Assignment:
The lines to output run from the first line of the entries below through the line containing "2025年3月5日下午,文学"; copy them exactly and leave out pictures.

Extracted entries:
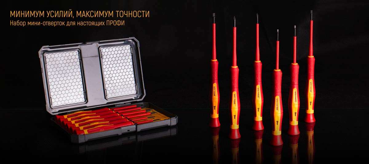 для работ под напряжением до 1000В, намагниченные наконечники, двухкомпонентная нескользящая рукоятка, отверстие для подвешивания, вращающаяся насадка на рукоятке
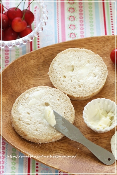 イングリッシュマフィンは半分に切ってトーストして発酵バターを塗って頂きました。
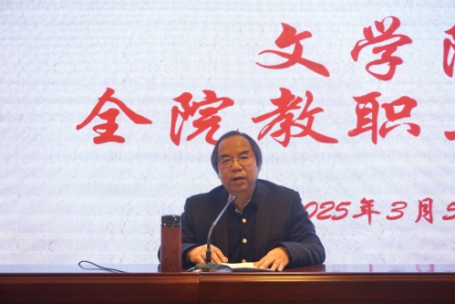 2025年3月5日下午,文学院新学期教职工大会在5339报告厅顺利举行。会议由院党委书记宋清华主持,全体教职工出席了本次会议。会议的主要内容是布置本学期主要工作任务和进行师德师风警示教育。
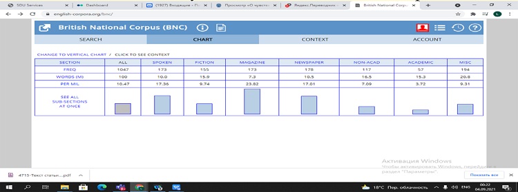 It corresponds to the English concept of duty, which is similar but not the same to the Russian долг because of its shades of meanings and collocations in Russian: honor/venerate smb’s memory. * The first thing, in the first place (in Russian it is a colloquial expression) – first of all, uppermost, initially; firstly, at first; from / at the beginning (This system of meanings is represented in Ozhegov’s Dictionary, which is one of the well-known Russian dictionaries). Charge, commitment, duty, incumbency, liability, obligation. In general, person’s duty contains moral imperative related to God, citizen’s duty and duty of the family man; all these types of duty can be compared with borrowed money or things … Duty is rather general, whereas liability is private, personal; debt involuntary, the duty is conditional; something, which should be done unconditionally because of public interests and/or moral certainty’ Syn.: obligation, commitment. (Thesaurus of Great Russian Language by V. Dal, 2009). In the British National Corpus, there are 7806 entries for the duty (see Picture 1Duty in the British National Corpus, which shows the representation of duty in a variety of texts) whereas for the debt there are 4301 entries only despite the popularity of financial and business texts.
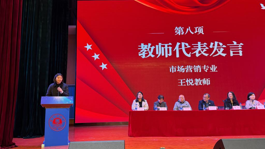 教师代表市场营销专业教研室主任王悦发言说,“做主动的探索者”。“敢迈出第一步”比“标准答案”更有价值,每一次小小的尝试、每一次细微的探索,都是在为未来的职业道路铺垫基石。“做扎实的学习者”。沉下心来学好专业核心知识,筑牢理论根基,让自己的知识体系经得起推敲;也能主动拥抱数字技能,学习那些能为商贸领域赋能的实用工具,努力成长为“懂商贸逻辑、通数字技术”的复合型人才。“做温暖的同行者”。希望大家能主动打开心扉,在团队合作中学会倾听与包容,在集体活动中收获真挚的友谊;遇到难题时,别怕向同学伸出援手,也别犹豫向老师寻求帮助——数字商贸学院是一个温暖的大家庭,我们会始终站在你们身后,为你们的成长保驾护航。
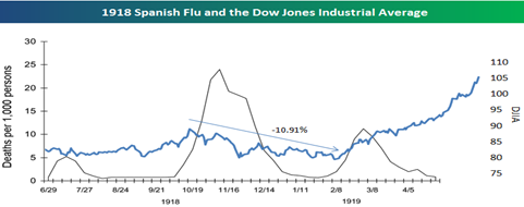 The financial markets were affected by death rate surges, in particular, but recovered quickly, as the combined Spanish flu-DOW Jones graph shows. The DOW fell slightly during each of the three spikes in death rates. It finally began its rise to new heights in the spring of 1919 only after the third spike, but the recession for most Americans didn’t formally end until 1922, according to the National Bureau of Economic Research (NBER).
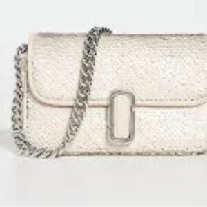 The handbag in the image is the Marc Jacobs The Sequin J Marc Shoulder Bag, typically in a cream or light taupe color with silver-tone hardware. The bag is covered in shimmering sequin embellishments and features the brand's signature "J Marc" logo emblem on the front flap.
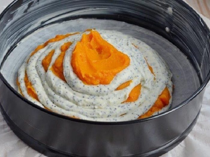 Застели дно формы (лучше всего использовать разъемную) пекарской бумагой и смажь маслом. Бортики смажь тоже маслом и посыпь небольшим количеством муки. Поочередно выкладывай по ложке творожной массы и тыквенной.
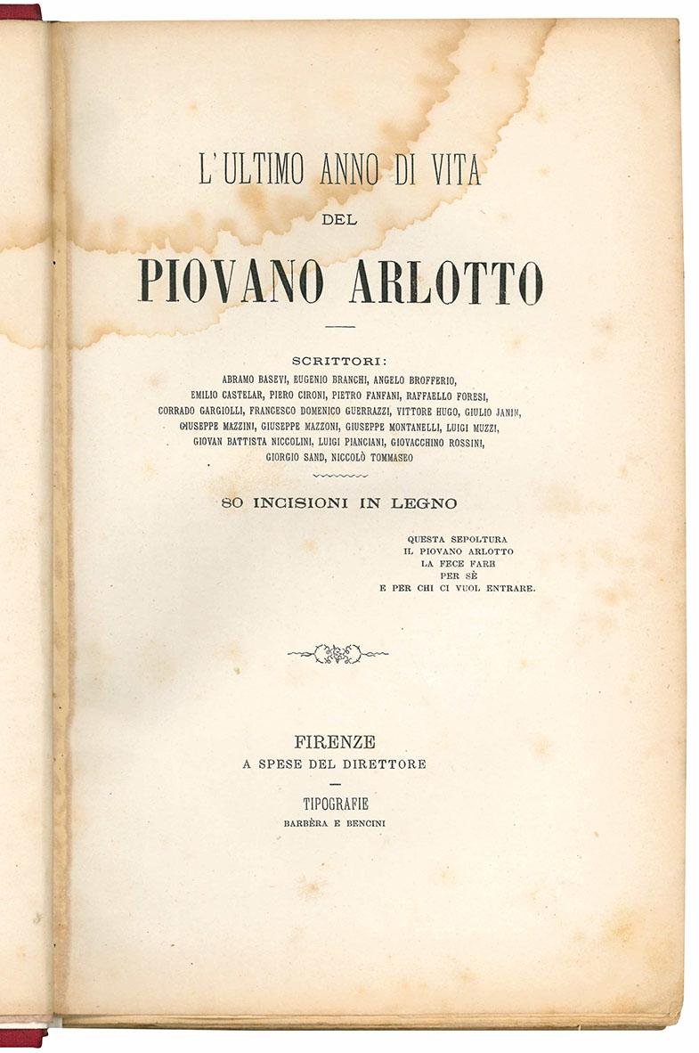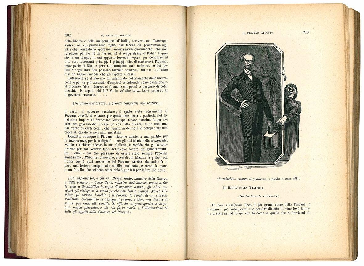 In 8vo (mm 245x155); pp. 880, IV c. di tav. fuori testo. Occhietto, 80 incisioni satiriche in bianco e nero nel nesto e 4 alberi genealogici (riguardanti la famiglia Bonaparte) ripiegati fuori testo. Carta leggermente ed uniformemente brunita, lievi fioriture, aloni diffusi. Mezza tela rossa con titolo in oro su tassello al dorso. Sono conservate le brossura originali. Contiene scritti di A. Brofferio, P. Cironi, P. Fanfani, R. Foresi, F. D. Guerrazzi, V. Hugo, G. Mazzini, G. Mazzoni, G. Montanelli, G.B. Niccolini, N. Tommaseo, ecc.
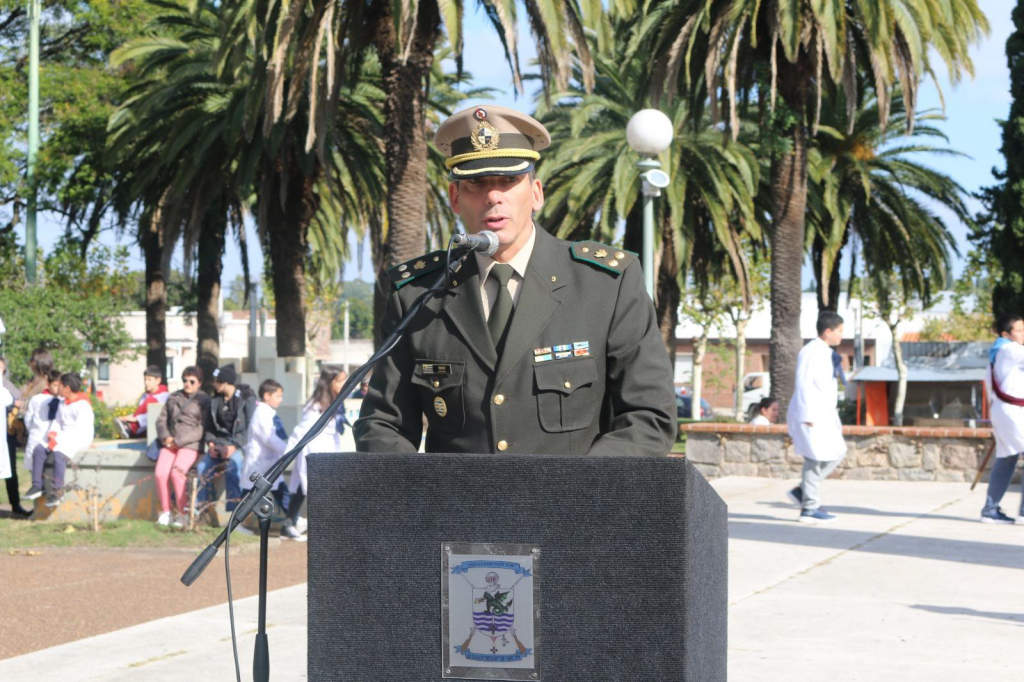 Las palabras alusivas a la fecha estuvieron a cargo del Jefe del Batallón Rincón de Infantería Mec. Nº 9, Tte. Coronel Cristian Rosso, quien en su alocución repasó la secuencia de los hechos de aquel entonces e invitó a la ciudadanía a seguir cultivando a diario el amor a la patria, a la democracia, a las instituciones, a los valores intrínsecos del ser humano y a la familia.
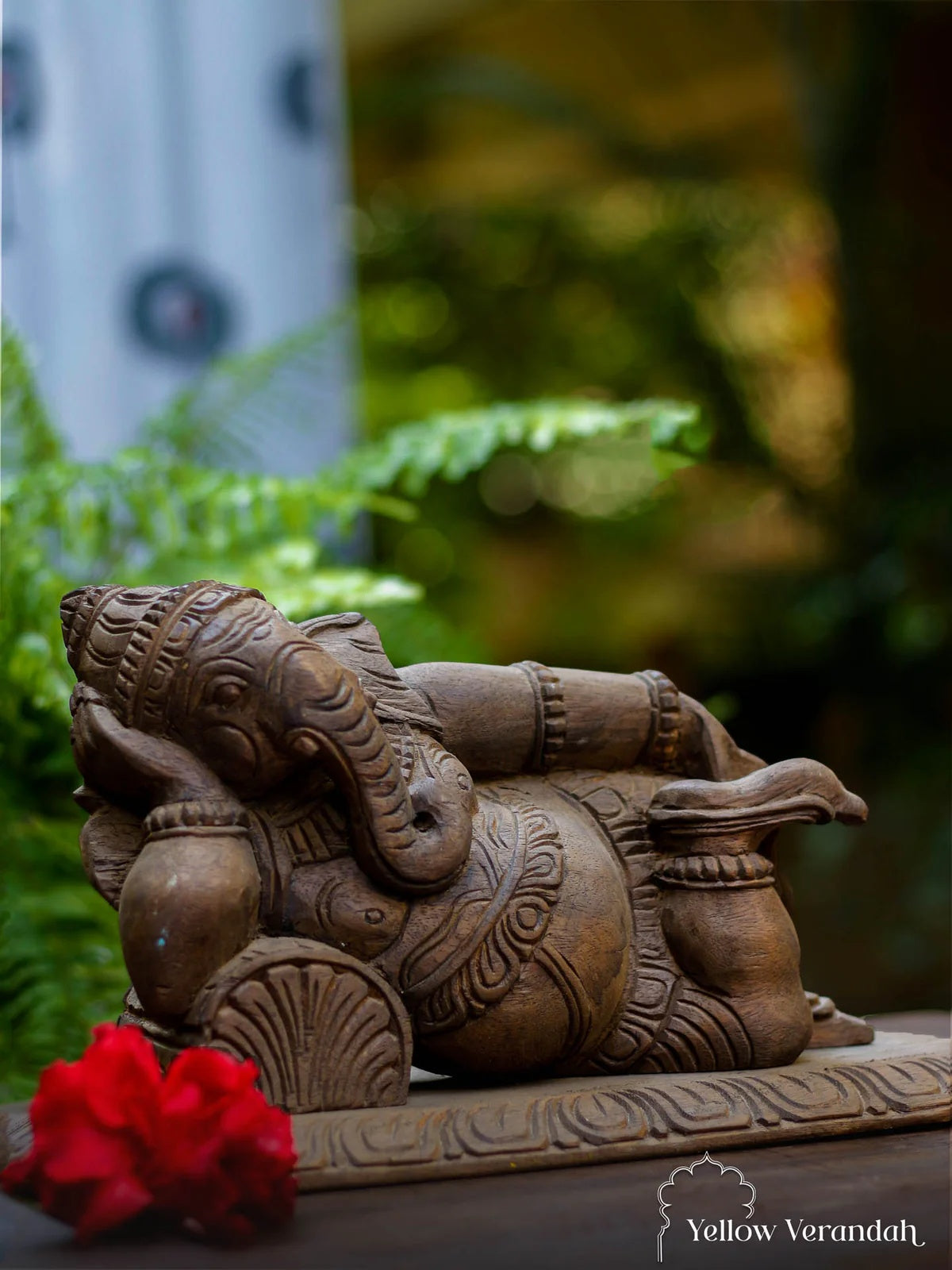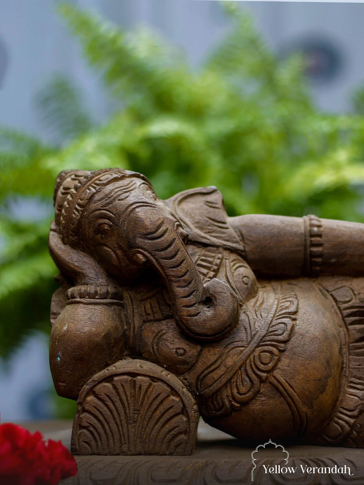 This Antique Wooden Ganesha Sculpture is a striking artefact, that catches instant attention. This rare artefact is believed to be from Tamil Nadu.
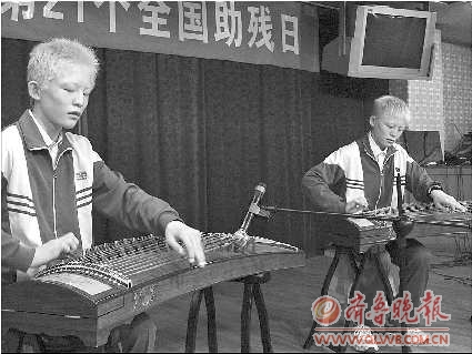 15日是第二十一个全国助残日,在滨州市特殊学校的庆祝会上,演奏古筝二重奏的一对双胞胎兄弟格外引人注目。他们闭着眼睛,似乎在用心感受着琴弦上跳跃的音符,他们就是该校盲七年级的学生杜逍、杜遥。
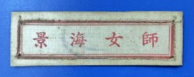 苏州教育资料 1951年6月(撤并前夕)—— 《景海女子师范学校》 教师 布标 胸标—— 景海女子师范学校在中国教育史上具有重要地位,赵寄石、杨荫榆、王季玉、吴贻芳等教育家曾在此任教或求学,培养了大批杰出女性人才。学校于1952年7月18日撤并,该校师范部并入苏南新苏师范学校,初中部由私立振华女子初级中学接办,校舍也并入了江苏师范学院(苏州大学)。
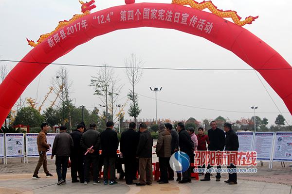 邵阳新闻在线讯(通讯员 谢敏姣)12月4日,新邵县委法治办在新邵县法治文化广场开展了以“学习贯彻党的十九大精神,维护宪法权威,建设法治新邵”为主题的“12.4宪法日”法治宣传活动。
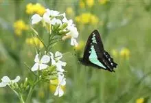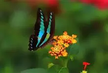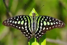青带凤蝶Graphium sarpedon ,又名青凤蝶,是最普遍的中型凤蝶,飞行速度很快。青带凤蝶的翅膀中央有许多浅蓝色的斑点,很整齐地排列成一条直线。这些斑点由上而下逐渐变大,就像一条青色的带子。全部>>
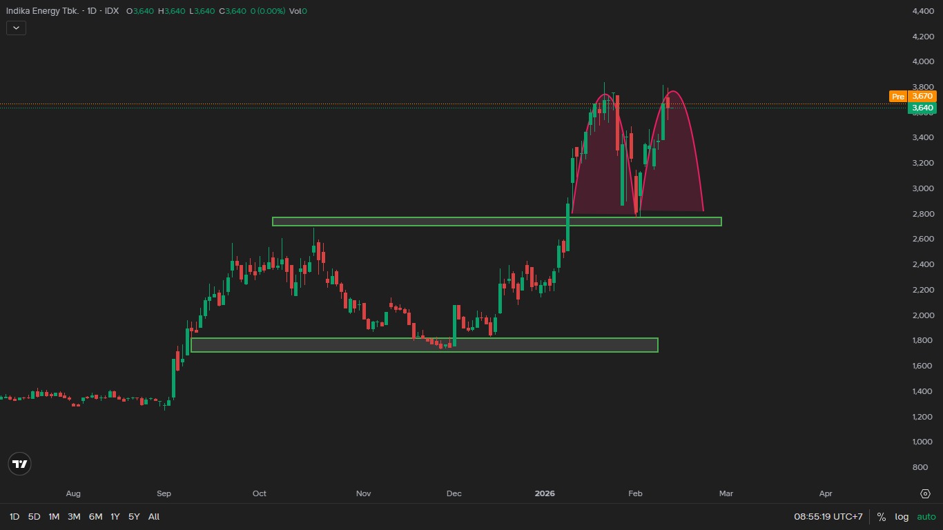 - Catatan : Saham small cap dengan volatilitas tinggi. Harga bergerak di area konsolidasi bawah setelah tekanan turun. Struktur belum membentuk uptrend sehat dan rawan false rebound, sehingga swing bersifat spekulatif dan wajib disiplin risk.

Response area:
 для работ под напряжением до 1000В, намагниченные наконечники, двухкомпонентная нескользящая рукоятка, отверстие для подвешивания, вращающаяся насадка на рукоятке
 イングリッシュマフィンは半分に切ってトーストして発酵バターを塗って頂きました。
 2025年3月5日下午,文学院新学期教职工大会在5339报告厅顺利举行。会议由院党委书记宋清华主持,全体教职工出席了本次会议。会议的主要内容是布置本学期主要工作任务和进行师德师风警示教育。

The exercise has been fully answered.